[Record extracts]:
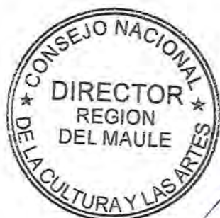
EDGARDO CÁCERES MUÑOZ DIRECTOR REGIONAL CONSEJO NACIONAL DE LA CULTURA Y LAS ARTES REGIÓN DEL MAULE
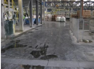
Situatie voor aanvang van de werken
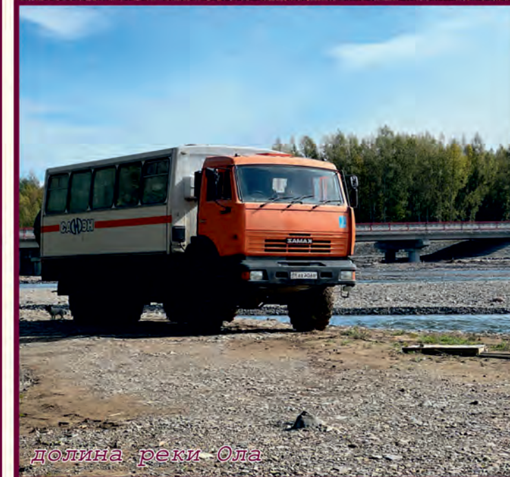
долина реки Ола
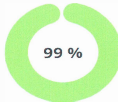
Segundo trimestre 2023
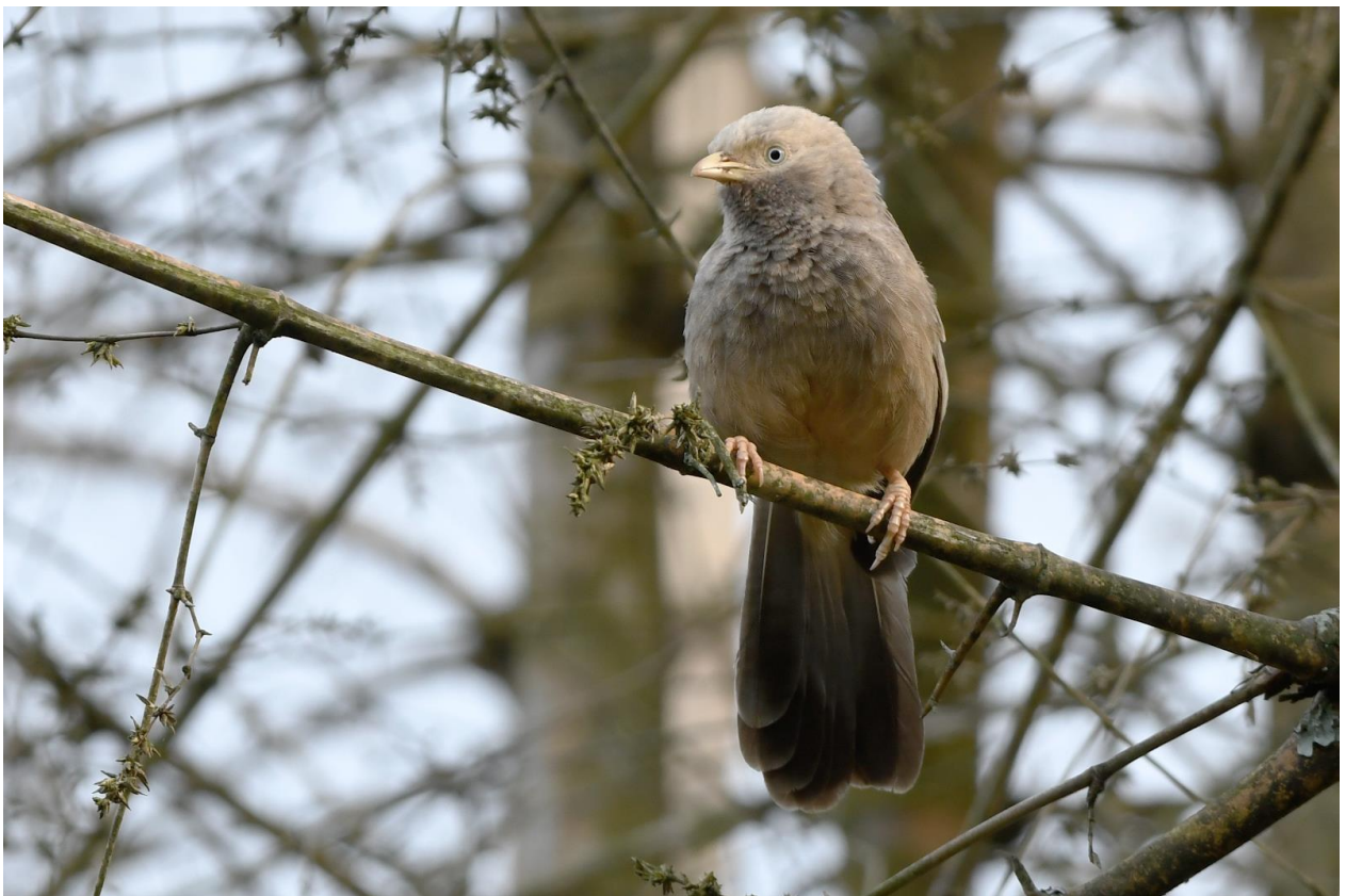
Figuur 6. Babblers, zoals deze Yellow-billed, trekken in luidruchtige groepen door de vegetatie.
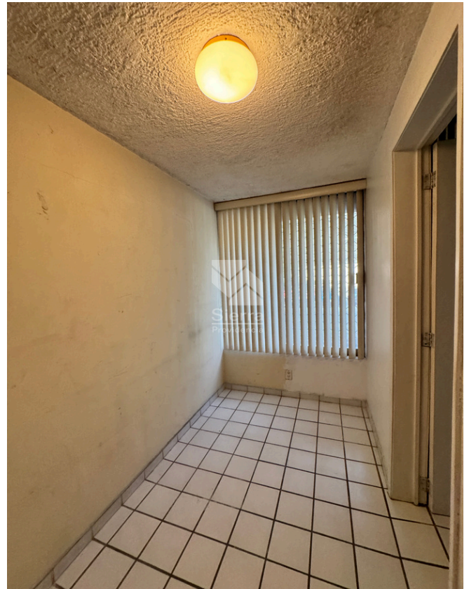
CUARTO DE SERVICIO
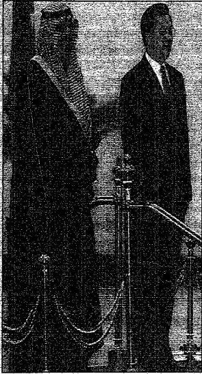
خادم الحرمين الشريفين والبرئيس الصيني خلال استعراض حرس الشرف بقاعة الشعب الكبرى ببيكين.

الجانب السعودي والصيني بحثا آفاق التعاون بين البلدين ومجمل الأحداث والتطورات على الساحتين الإقليمية والدولية
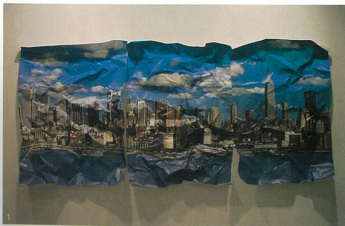
1、局部解剖的风景(日落) 装置 杰斯·大卫拉 2-3、不生产的机器 装置 杰斯·大卫拉 4、局部解剖的风景(纽约) 装置 杰斯·大卫拉
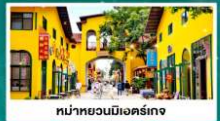
หมู่บ้านมื่อเออร์เกง
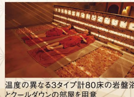
温度の異なる3タイプ計80床の岩盤浴とクールダウンの部屋を用意
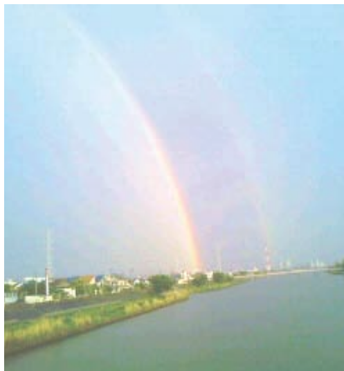
復興という名の虹がかかるよう願っています

の取り組みを通して、東京からエールをおくりたいという気持ちと、地域全体で、復興の「光」を導く方法を考えようという試みがあります。
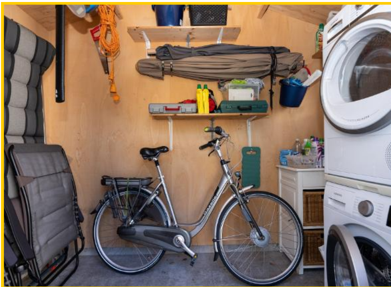
In de buitenberging een wasmachine (2022) en een warmtepompdroger (2020) beiden van het merk Siemens.
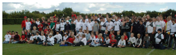
Deltagere ved ungdoms DM 2005 i Taastrup

Ved øvrige stævner henstilles der at man stiller op i TIK trøje, da man repræsenterer klubben.
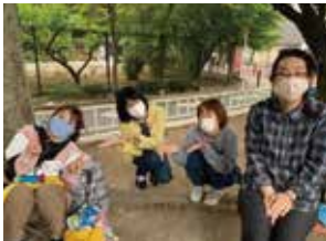
密に配慮しつつ、遊びに来たパパママと話をしたり、お子さんと一緒に遊んだりして楽しくすごします。
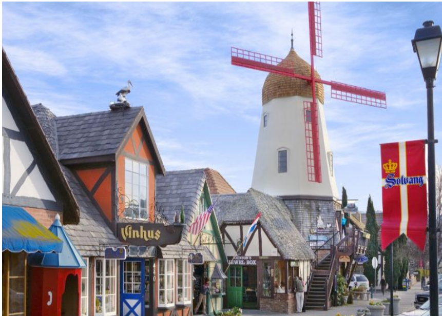
LÀNG ĐÀN MẠCH SOLVANG
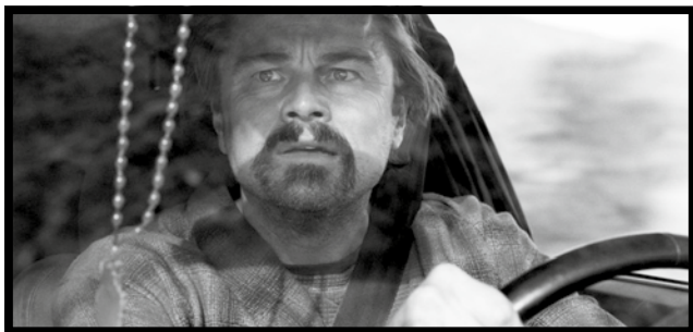
UNE BATAILLE APRÈS L'AUTRE

Ancien révolutionnaire désabusé et paranoïaque, Bob (Leonardo DiCaprio) vit en marge de la société, avec sa fille Willa (Chase Infiniti), indépendante et pleine de ressources. Quand son ennemi juré (Sean Penn) refait surface après 16 ans et que Willa disparaît, Bob remue ciel et terre pour la retrouver, affrontant pour la première fois les conséquences de son passé... film controversé, spectacle cinématographique de génie pour les un-es et chronique simpliste des réalités sociales et politiques pour les autres, il a le mérite de susciter le débat dans un monde où celui-ci tend à s'esouffler. Oscar du meilleur film.
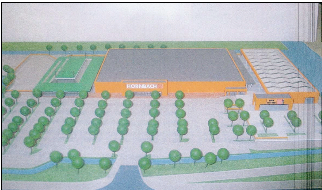
Afbeelding 3: Impressie met overkapt drive-in

Als extra service richting de klanten zal de reeds vergunde drive-in (zie § 3.2) voor een groot deel worden overkapt. Hierdoor is het mogelijk om bij slechte weersomstandigheden op een droge wijze grove bouw- en tuinmaterialen te laden en lossen respectievelijk verhuurde machines uit te geven of in te nemen. De overkapping heeft een bouwhoogte van 9,25 meter en meet ongeveer 4.500 m 2 . De overkapping zal niet leiden tot een toename van het aantal vierkante meters verkoopvloeroppervlak. Deze blijft gelijk aan het reeds vergunde oppervlak, zoals beschreven in §3.2. Afbeelding 3 laat een impressie zien met een overkapt drive-in.
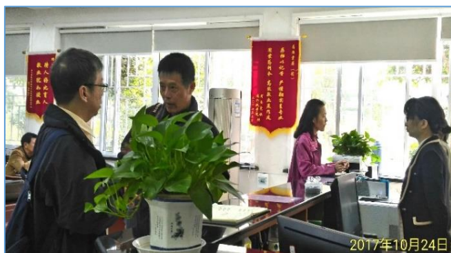
湖北省檔案館閱檔大廳

對於檔案的應用，除了查詢目錄調閱檔案資料外，我們所參訪的檔案館皆充分挖掘與利用其館藏資源，編研出版檔案史料書籍、舉辦
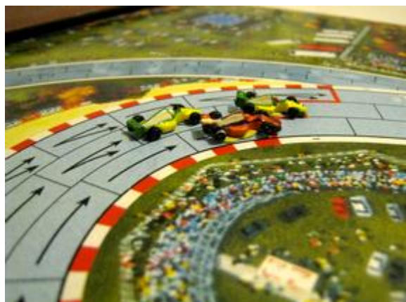
1 er tour, 6 e virage: toujours la course pour la tête, Poubel (Circus) en tête et Mortis toujours entre les deux Circus.
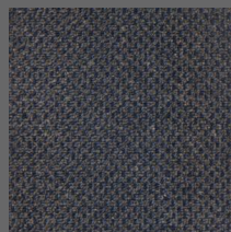
493 - Abrolhos
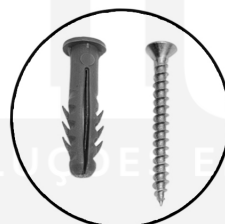
BUCHAS E PARAFUSOS
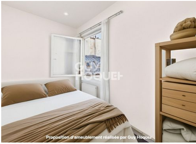
Proposition d'ameublement réalisée par Guy Hoquet
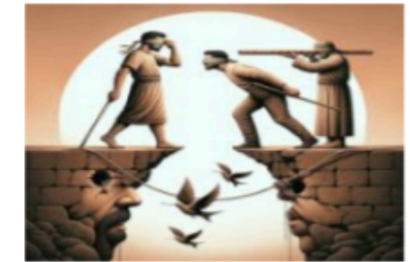
¿Pueden los ciegos guiar a los ciegos? Lucas 6:39-45

Declaración de la Misión de Presentación de Nuestra Señora Nosotros, la gente de la iglesia católica Presentación de Nuestra Señora, somos inspirados por el espíritu santo para vivir los mandamientos de Cristo mostrando amor a TODAS las personas, a través de los dones que Dios nos ha dado a cada uno de nosotros. Nos comprometemos con las virtudes de la fe, la esperanza y el amor adorando a Dios, en palabra y sacramento. Fortalecidos por Dios Padre, nos esforzamos por vivir el Evangelio al servicio de las necesidades de nuestra familia parroquial de fe y de la comunidad mundial.
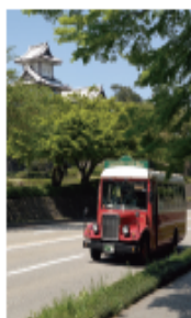
城下まち金沢周遊バス

ルート… 此花ルート、菊川ルート、材木ルート、長町ルート (各ルートともに15分間隔で循環)
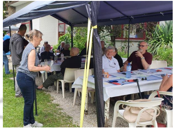
Schoon volk trekt mooi volk aan
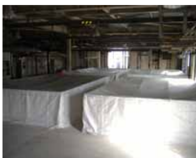
写真-5 安全手摺及び防臭シート

このことから、流入調整槽からオーバーフローした汚水の貯留方法を変更して、第三流量調整槽の設備規模を必要最小限にした。また、スラブ撤去後の対応として、安全手摺や防臭シート（下記写真参照）を施工し、安全の確保とともに、できる限りのコストの削減にも努めた。
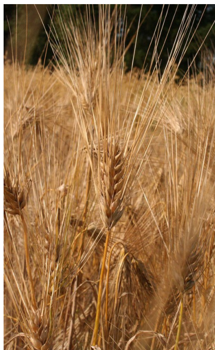
Kuva 22:
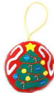
Modelo E 3X3"

[Exercise]:
The answer is each line in which the word "voor" occurs, copied from the material above.

[Task output]:
Situatie voor aanvang van de werken
Als extra service richting de klanten zal de reeds vergunde drive-in (zie § 3.2) voor een groot deel worden overkapt. Hierdoor is het mogelijk om bij slechte weersomstandigheden op een droge wijze grove bouw- en tuinmaterialen te laden en lossen respectievelijk verhuurde machines uit te geven of in te nemen. De overkapping heeft een bouwhoogte van 9,25 meter en meet ongeveer 4.500 m 2 . De overkapping zal niet leiden tot een toename van het aantal vierkante meters verkoopvloeroppervlak. Deze blijft gelijk aan het reeds vergunde oppervlak, zoals beschreven in §3.2. Afbeelding 3 laat een impressie zien met een overkapt drive-in.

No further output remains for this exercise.